Background to Changes in XML 1.0 5th Edition

Status of this Document

On 6 February 2008, W3C published Extensible Markup Language (XML) 1.0 (Fifth Edition) as a Proposed Edited Recommendation. This document provides context for the primary change to the definition of names, bringing one major benefit of XML 1.1 into XML 1.0.

Rationale for Primary Change

Since XML 1.1 became a W3C Recommendation in August 2006, there has been a substantial uptake of it as a peer of XML 1.0 in new and ongoing W3C work. This is appropriate, as XML 1.1 was explicitly not designed to replace XML 1.0, but to supplement it for the benefit of various groups against which XML 1.0 had unjustly, but unintentionally, discriminated.

However, there are very few XML 1.1 documents in the wild. The XML Core WG believes this to be the result of a vicious circle, in which widely distributed XML parsers do not support 1.1 because the parser authors believe that few document authors will use it. This becomes a self-fulfilling prophecy, as those who would benefit from XML 1.1 are rightfully concerned that documents written in it will not be widely acceptable.

After considering various other means by which to achieve the main goal of XML 1.1, that is, to deliver on XML's original promise of universality across all the world's languages, the XML Core WG proposes to change XML 1.0 to relax the restrictions on names, thereby providing in XML 1.0 the major end user benefit currently achievable only by using XML 1.1, and completing the decoupling XML from specific versions of Unicode.

To quote the XML 1.1 Recommendation:

The W3C's XML 1.0 Recommendation was first issued in 1998, and despite the issuance of many errata culminating in a Third Edition of 2004, has remained (by intention) unchanged with respect to what is well-formed XML and what is not. This stability has been extremely useful for interoperability. However, the Unicode Standard on which XML 1.0 relies for character specifications has not remained static, evolving from version 2.0 to version 4.0 and beyond. Characters not present in Unicode 2.0 may already be used in XML 1.0 character data. However, they are not allowed in XML names such as element type names, attribute names, enumerated attribute values, processing instruction targets, and so on. In addition, some characters that should have been permitted in XML names were not, due to oversights and inconsistencies in Unicode 2.0.

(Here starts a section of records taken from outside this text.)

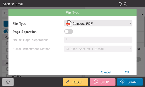 [E-mail Attachment Method] | When [Page Separation] is set to ON, select the attachment method.
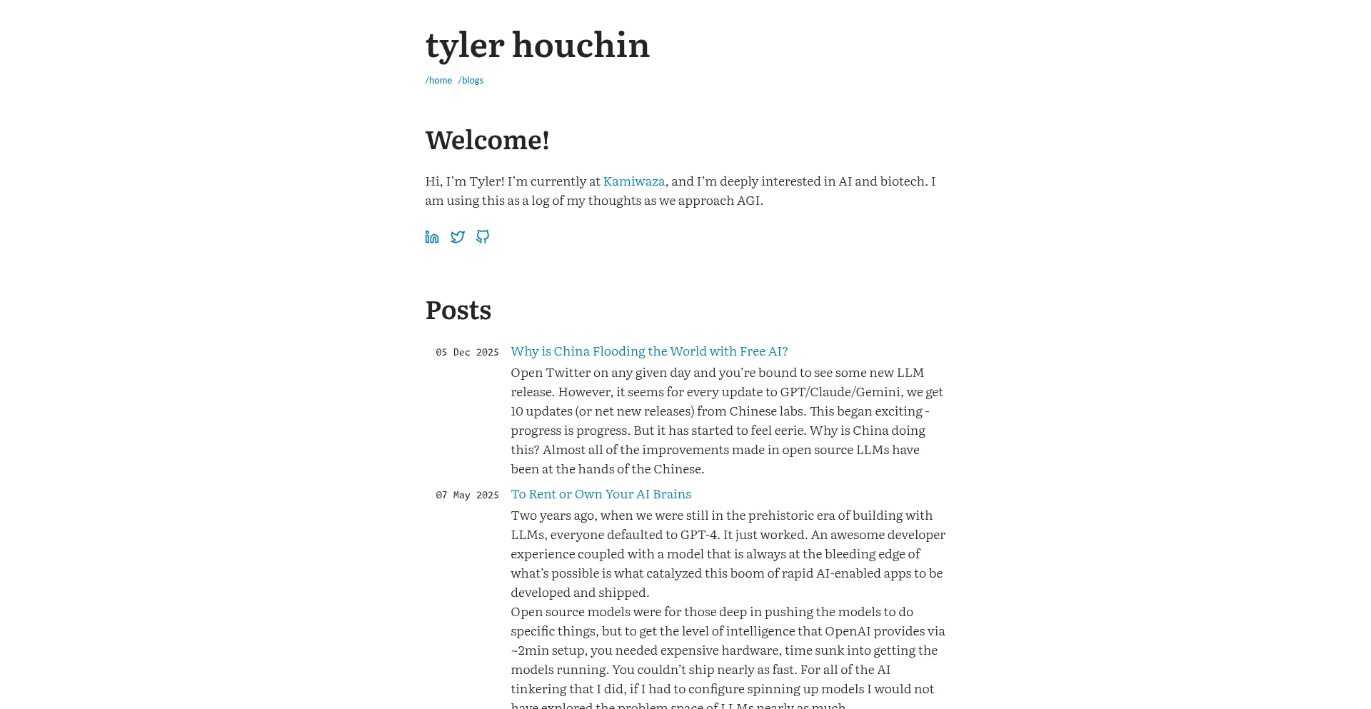 www.linkedin.com www.loom.com cdn.jsdelivr.net www.economist.com twitter.com www.science.org tylerhouchin.com gohugo.io www.kamiwaza.ai ai.meta.com +4 mais
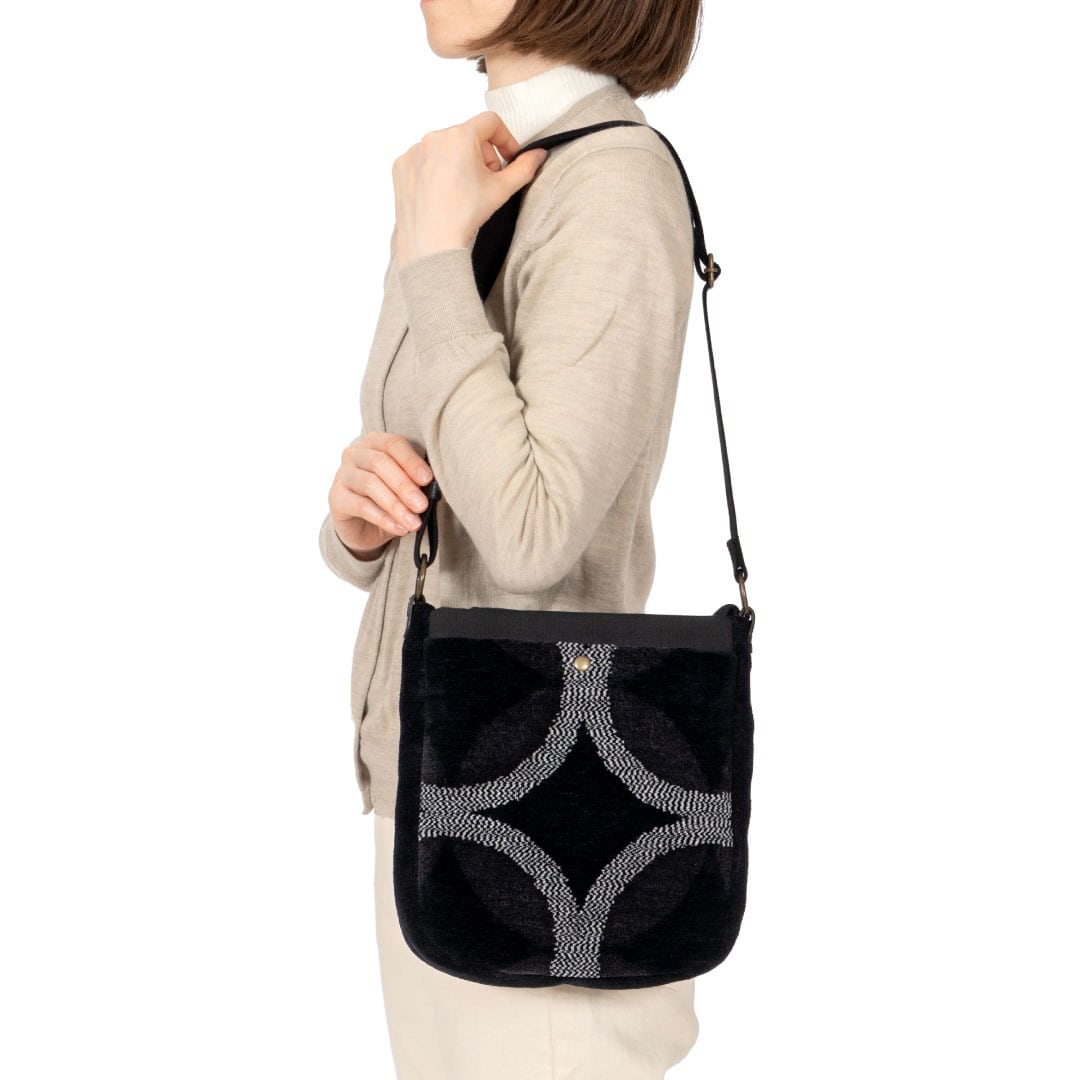 出し入れしやすいあおりポケットが便利なショルダーバッグ。

The overall philosophy of names has changed since XML 1.0. Whereas XML 1.0 provided a rigid definition of names, wherein everything that was not permitted was forbidden, XML 1.1 names are designed so that everything that is not forbidden (for a specific reason) is permitted. Since Unicode will continue to grow past version 4.0, further changes to XML can be avoided by allowing almost any character, including those not yet assigned, in names.

Since then, Unicode has continued its efforts to add scripts and characters in order to improve or add support for the world's languages and writing systems. This effort that is by no means complete. The changes since the XML 1.0 name character inventory was fixed encompass a variety of additions to the Unicode standard, and include support for:

additional scripts, including Ethiopic, Cherokee, Canadian Syllabics, Khmer, Mongolian, Yi, Philippine, New Tai Lue, Buginese, Syloti Nagri, N'Ko, and Tifinagh
many additional Han ideographs (used predominantly for Chinese)
additional characters for scripts that were incompletely understood at the time 2.0 was released, notably scripts native to South Asia: See Richard Ishida's recent blog entry for more details.

The proposed change to XML 1.0 will relax the restrictions on names, used not only for element and attribute names but also identifiers and enumerated attribute values. Those who prefer to retain the constraints on names from the previous version of XML 1.0 in their documents will be free to do so, but those who wish to use names that incorporate these additional characters will be able to do so.

Henry S. Thompson